Protected area in New York, United States

Deer Creek Marsh Wildlife Management Area is an 1195 acre New York State Wildlife Management Area (WMA) with a 4500 ft sandy beach on the eastern shore of Lake Ontario; it is in the Town of Richland in Oswego County, New York. Deer Creek Marsh lies at the southern limit of a 17 mi region of sandy barrier beaches that protect coastal lagoons and marshes; the region is unusual geologically and is important as habitat for many species. Deer Creek Marsh WMA is part of the Eastern Lake Ontario Marshes Bird Conservation Area, along with Black Pond and Lakeview WMAs and the Sandy Pond Beach Unique Area. Some of the hiking and boating opportunities in the WMA are described in a brochure and a website created through the New York Sea Grant.

Until 1979, Deer Creek Marsh was divided into a number of privately held properties. The sand that underlies the region was being mined for construction and industrial purposes, and led to concern about the long-term conservation of the area. Efforts by New York State to make conventional purchases of these properties for a WMA were unsuccessful, and in the end the land was obtained through a controversial use of eminent domain.

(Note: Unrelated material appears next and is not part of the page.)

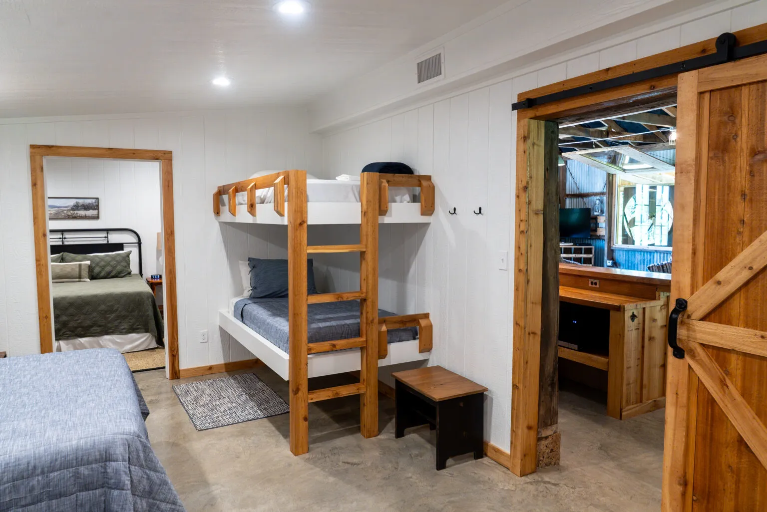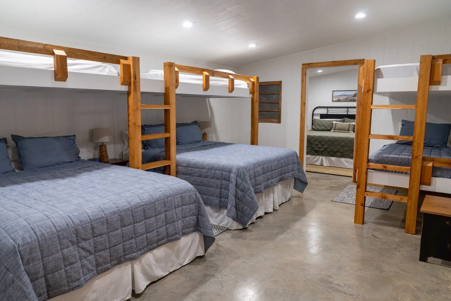 A fun-filled bunk room with two twin-over-queen beds and one twin-over-twin
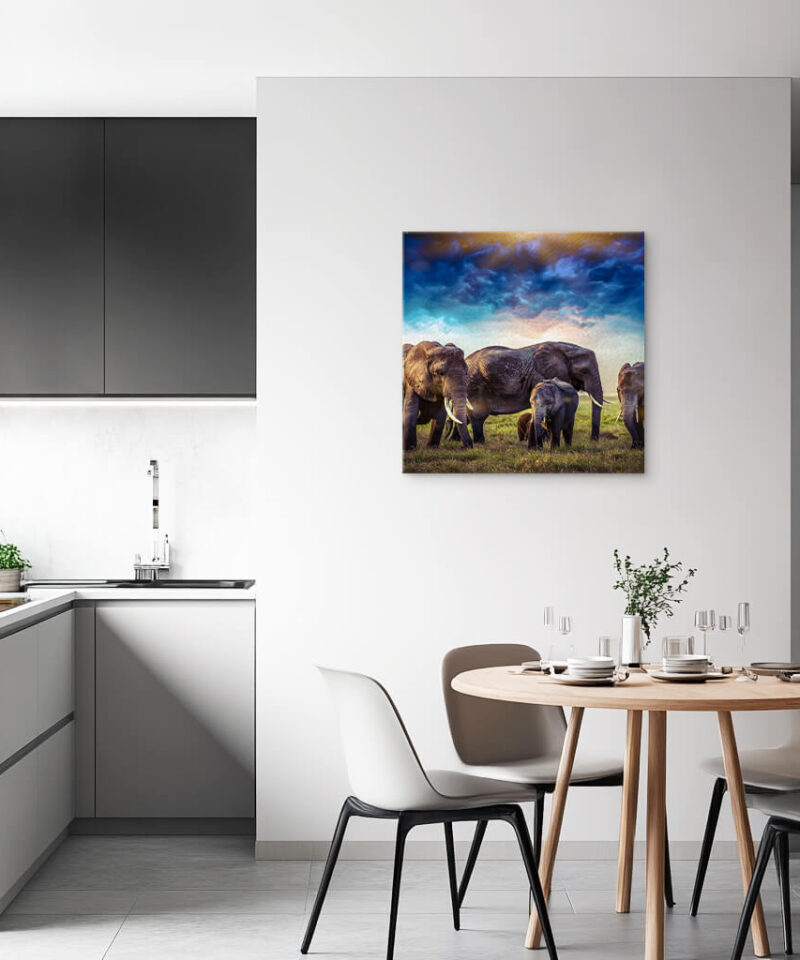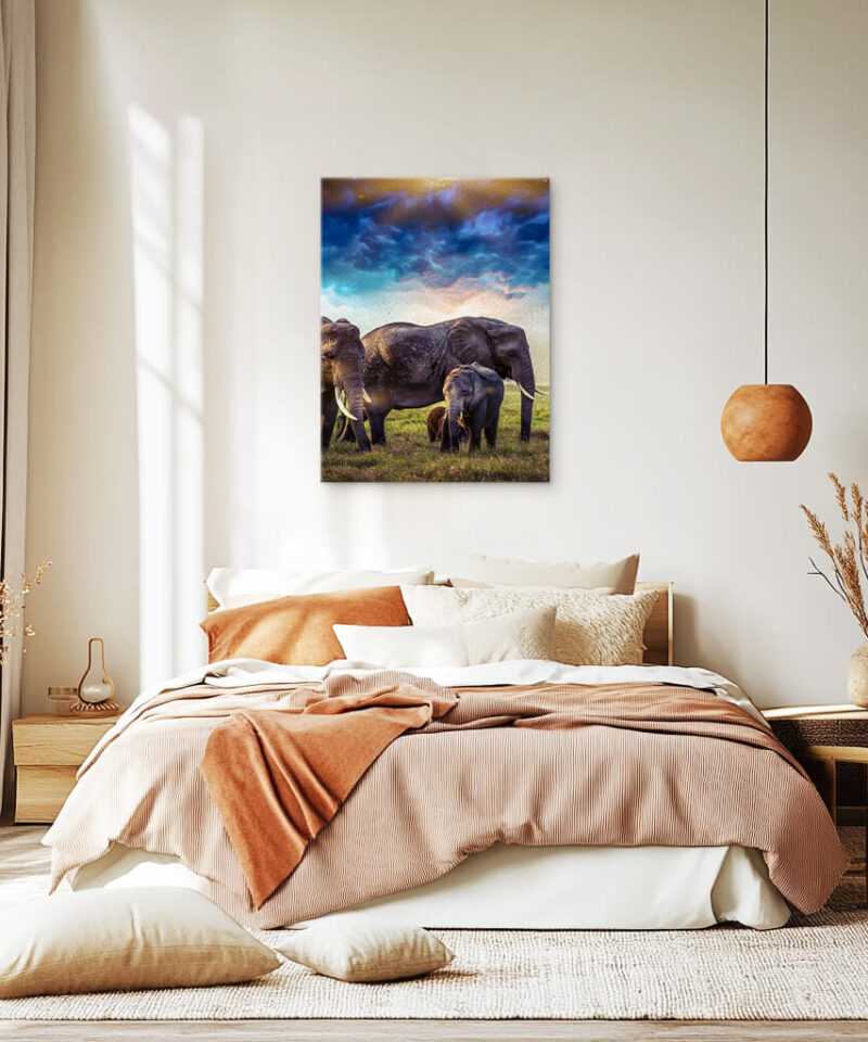 An elephant stands beneath a twilight sky, its form bathed in deep blue hues. It is strength and serenity combined, a monument to the wisdom of time.

Within the year, a project to restore the dunes commenced. Debris and unused buildings were removed. The project was partly a response to massive erosion in the region following April 1979 storms. A commission studying this erosion concluded that it was exacerbated by the degraded state of the native beachgrass and other plants along the dunes; beachgrass in particular builds and stabilizes coastal sand dunes. Damaged stands of beachgrass were replanted following some experiments with differing varieties and cultivation methods. These experiments were apparently the foundation for the extensive beachgrass restoration that was subsequently undertaken along the entire length of the eastern Lake Ontario coastal dunes.

In 2007, Deer Creek Marsh WMA was designated as part of a New York Natural Heritage Area, the "Eastern Lake Ontario Barrier Beach and Wetland Complex".